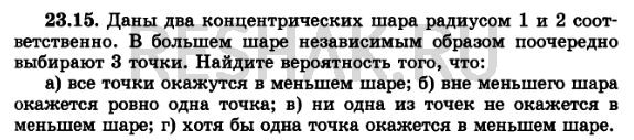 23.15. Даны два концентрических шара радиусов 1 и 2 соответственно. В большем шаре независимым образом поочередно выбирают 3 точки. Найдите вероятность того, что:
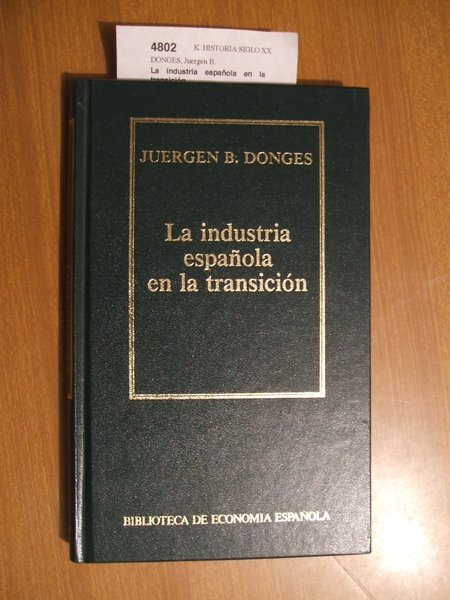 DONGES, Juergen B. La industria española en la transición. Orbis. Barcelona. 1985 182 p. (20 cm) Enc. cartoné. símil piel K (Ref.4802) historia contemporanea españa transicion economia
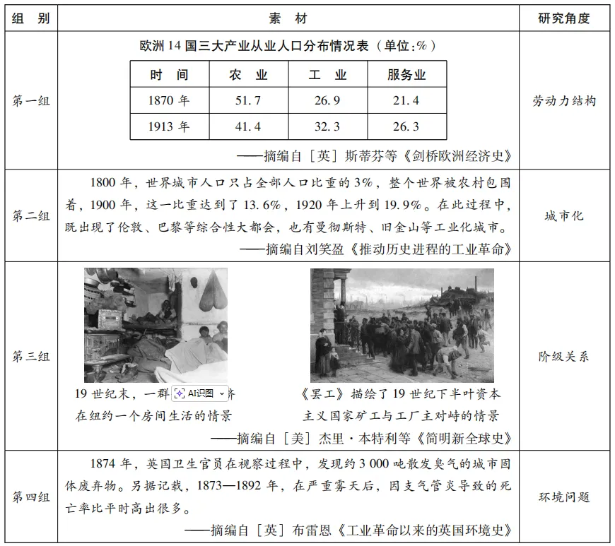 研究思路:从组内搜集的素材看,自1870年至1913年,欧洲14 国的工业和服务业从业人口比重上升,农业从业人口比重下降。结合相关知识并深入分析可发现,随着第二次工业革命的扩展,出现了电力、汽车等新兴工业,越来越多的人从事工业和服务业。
☆ ☆ ☆ ☆
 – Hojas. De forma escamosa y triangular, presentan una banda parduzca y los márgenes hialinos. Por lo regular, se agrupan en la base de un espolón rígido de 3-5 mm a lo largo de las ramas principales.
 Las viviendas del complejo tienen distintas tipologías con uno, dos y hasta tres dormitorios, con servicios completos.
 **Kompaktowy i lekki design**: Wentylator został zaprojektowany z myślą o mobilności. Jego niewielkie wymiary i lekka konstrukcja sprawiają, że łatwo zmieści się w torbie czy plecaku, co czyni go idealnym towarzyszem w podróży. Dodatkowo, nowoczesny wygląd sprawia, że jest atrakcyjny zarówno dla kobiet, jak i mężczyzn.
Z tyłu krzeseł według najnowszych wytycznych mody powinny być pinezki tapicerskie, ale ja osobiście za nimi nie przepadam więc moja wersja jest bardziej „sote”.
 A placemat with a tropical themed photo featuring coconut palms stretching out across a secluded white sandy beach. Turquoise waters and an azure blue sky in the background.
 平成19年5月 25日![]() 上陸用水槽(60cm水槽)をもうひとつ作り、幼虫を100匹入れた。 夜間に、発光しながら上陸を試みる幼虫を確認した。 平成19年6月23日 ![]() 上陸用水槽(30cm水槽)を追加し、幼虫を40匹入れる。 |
☆ ☆ ☆ ☆
In the data above, which lines lie between the line with "Z tyłu krzeseł" and the line with "平成19年5月 25日![]() 上陸用水槽(60cm水槽)をもうひとつ作り、幼虫を100匹入れた。", inclusive? Print those lines exactly and nothing else.

Z tyłu krzeseł według najnowszych wytycznych mody powinny być pinezki tapicerskie, ale ja osobiście za nimi nie przepadam więc moja wersja jest bardziej „sote”.
 A placemat with a tropical themed photo featuring coconut palms stretching out across a secluded white sandy beach. Turquoise waters and an azure blue sky in the background.
 平成19年5月 25日![]() 上陸用水槽(60cm水槽)をもうひとつ作り、幼虫を100匹入れた。 夜間に、発光しながら上陸を試みる幼虫を確認した。 平成19年6月23日 ![]() 上陸用水槽(30cm水槽)を追加し、幼虫を40匹入れる。 |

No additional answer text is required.